Mimose oder besonders wachsam? Hochsensibilität im Alltag

Von Tanja Meier, Heilpraktikerin, Homöopathie, Neurofeedback

„Was bist du aber auch für eine Mimose?!“, „Stell dich doch nicht so an!“ – So etwas oder Ähnliches bekommen HSP des Öfteren zu hören.

„HSP“? Das bedeutet „ Highly Sensitive Person“ oder deutsch: „HochSensible Persönlichkeit“. Das sind Menschen, die eine wesentlich empfindlichere Wahrnehmung haben als die Norm. Wie die Mimose, eine Pflanze, die ihre Blätter einklappt bei der geringsten Erschütterung, bei Temperatur- oder Lichtveränderungen, reagieren HSP auf Sinnesreize, die von anderen gar nicht wahrgenommen werden.

Das können ja nicht so viele sein, meinen Sie? Immerhin: 15-20% der Menschen gehören zu dieser Gruppe. Dieser Prozentsatz findet sich interessanterweise in allen Völkern, sowie auch im Tierreich! Spätestens an dieser Stelle  kann man vermuten, dass sich die Natur hierbei etwas gedacht hat – oder hat sie einen Fehler gemacht?

Nicht alle HSP sind in der gleichen Weise hochsensibel. Viele haben ein sehr empfindliches Gehör und neigen zu übermäßiger Schreckhaftigkeit. Bei anderen steht ein höchst sensibler Geruchssinn im Vordergrund. Der Tastsinn auf der Haut kann verstärkt sein, die Empfindsamkeit für Luftdruckveränderungen kann erhöht sein, der Geschmackssinn kann verstärkt sein, und so weiter.

In Naturvölkern sind diese Menschen unter anderem für den Schutz der Gruppe zuständig, da sie als Erste die Angreifer bemerken, ein aufziehendes Unwetter erkennen und vielfältige andere Gefahren wittern und Unfälle verhüten. So kann man also tatsächlich einen Sinn und Zweck hinter dieser übernormalen Empfindsamkeit erahnen.

Fluch oder Segen? – Die andere Seite der Medaille: Hochsensible Menschen sind im Alltag vielfältigen Belastungen ausgesetzt, die von anderen gar nicht wahrgenommen werden. Das fängt für die Kinder oft in der Schule an: sie können sich nicht konzentrieren, weil sie jedes Rascheln von Papier, Flüstern von Mitschülern und Klappern mit Stiften genauso stark wahrnehmen wie die Stimme des Lehrers.

Ein Parfüm, das andere nur dezent wahrnehmen, kann zu einer schier unerträglichen Geruchsbelästigung werden.
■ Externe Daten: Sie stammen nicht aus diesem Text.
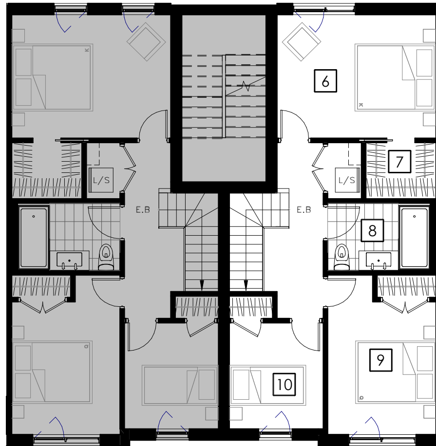
ÉTAGE 2 Second Floor
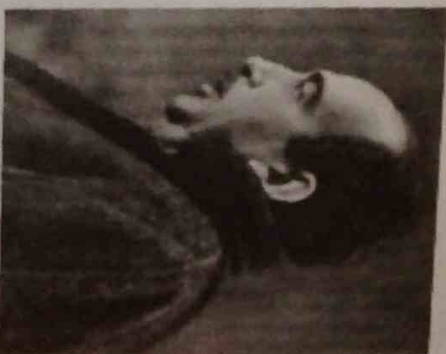
А. А. Галич

В 1950–1980-х годах значительная часть людей ничего не знала ни об истинной картине жизни России до 1917 года, ни о реальной жизни в современных европейских и американских, ни о фактах советской истории. Подавление крестьянских и казачьих восстаний 1918–1922 годов; организованный властью террор в Поволжье и на Украине; массовое истребление людей в период коллективизации сельского хозяйства; массовые аресты 1930–1950-х годов; ложное обвинение в государственной измене и аресты сотен тысяч советских солдат и офицеров, пропавших немецкий плен, в том числе и ла-
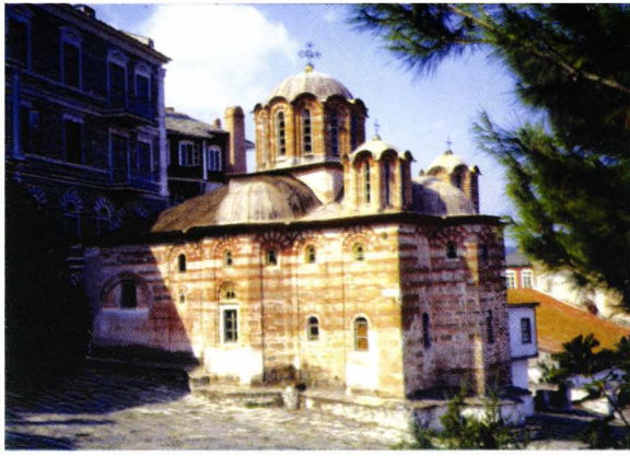
II. 22.. Vatopediou - paraclisul Sfântului Brâu (Neagoe Basarab)
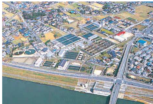
伊佐座取水場 (昭和19年完成)
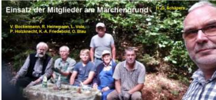
Einsatz der Mitglieder am Märchengrund
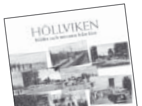
Höllviken - bilder och minnen från förr 125 kr.

På Ljungen ges ut av KULTURFÖRENINGEN CALLUNA
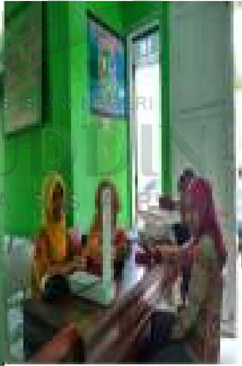
tempat administrasi / pendaftaran
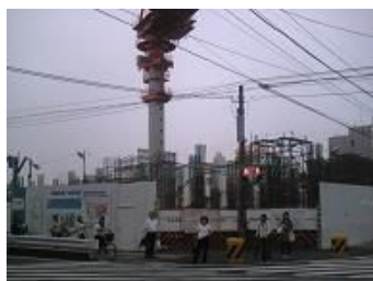
ほぼ同位置から撮影した、現在の駅の様子 （2006（平成18）年6月）

駅では現在、2008（平成20）年3月の全体工事完成を目指して、再開業が行われており、バスターミナルも移転、OXも仮設店舗での営業となっています。（参考：『小田急五十年史』（1980）小田急電鉄株式会社）
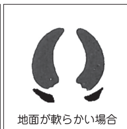
地面が軟らかい場合
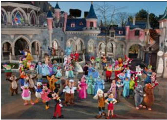
Mickey, Pinocchio, Donald, Daisy, Pluto et leurs amis vous attendent avec impatience à leur fête d'anniversaire.
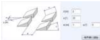
▼架台パネルの影計算

Map位置情報と周辺遮蔽物の設定によってパネルラック影、建物影を計算します。パネルラックの傾きと行間隔を変えながら最大の発電量の条件が得られます。また複数の建物影や電柱影などを反映させたシミュレーションが出来ます。
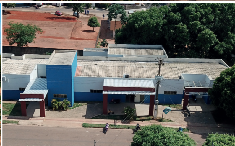
REFORMA DA POLICLÍNICA PADRE LOTHAR - VILA ITAMARATY
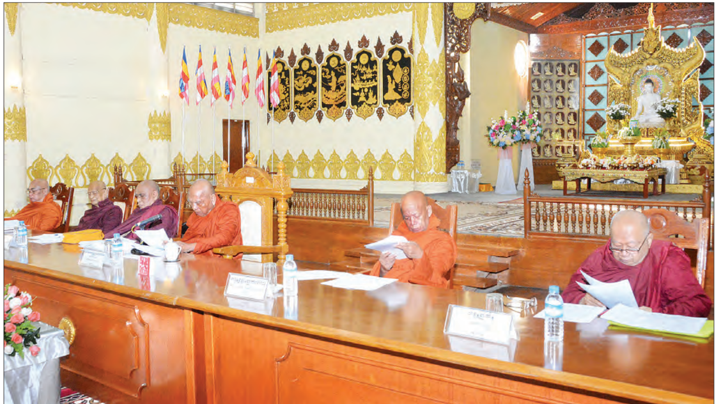
သတ္တမအကြိမ် နိုင်ငံတော်သံဃမဟာ နာယကအဖွဲ့(၄၇) ပါးစုံညီ ကျေနပ်သတိပ အစည်းအဝေး ပထမနေ့ကျင်းပစဉ်။ သတင်းစဉ်
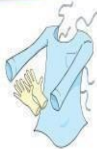
Luvas e Avental
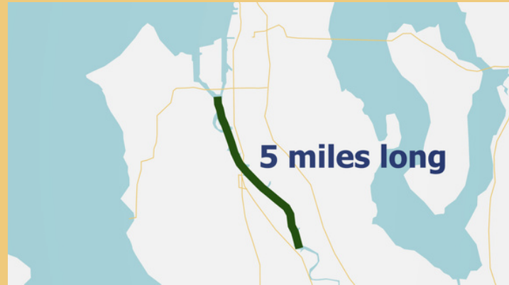
Địa điểm Superfund Đường Thủy Hạ lưu Sông Duwamish dài 5 dặm.

Überall klingeln Handys, im Restaurant kann man den Gesprächen am Tisch nicht folgen und sein eigenes Wort nicht verstehen. Viele HSP reagieren auch besonders stark auf Elektrosmog, Autoabgase und künstliche Stoffe in Nahrung, Kleidung und Kosmetika.

Obwohl es sich bei der Hochsensibilität nicht um eine Krankheit handelt, können aus ihr handfeste psychische und psychosomatische Störungen erwachsen. Da das Gehirn wesentlich mehr Informationen zu verarbeiten hat, kommt es oft zu einer verminderten Stresstoleranz. Angststörungen können dazu führen, dass sich HSP zurückziehen und Gesellschaft meiden. Auch das familiäre Zusammenleben kann empfindlich gestört werden, wenn es der HSP beispielsweise nicht gelingt, unangenehme Kaugeräusche am Esstisch auszublenden oder wenn Berührungen unerträglich werden.

Das Wissen um die eigene Hochsensibilität kann in diesen Fällen der wesentliche Auslöser sein, Wege zu finden, mit seinem Anderssein besser umzugehen und das positive Potenzial zu entfalten, das darin verborgen liegt – nur wenige Pflanzen haben so viel Entfaltungspotenzial wie die Mimose.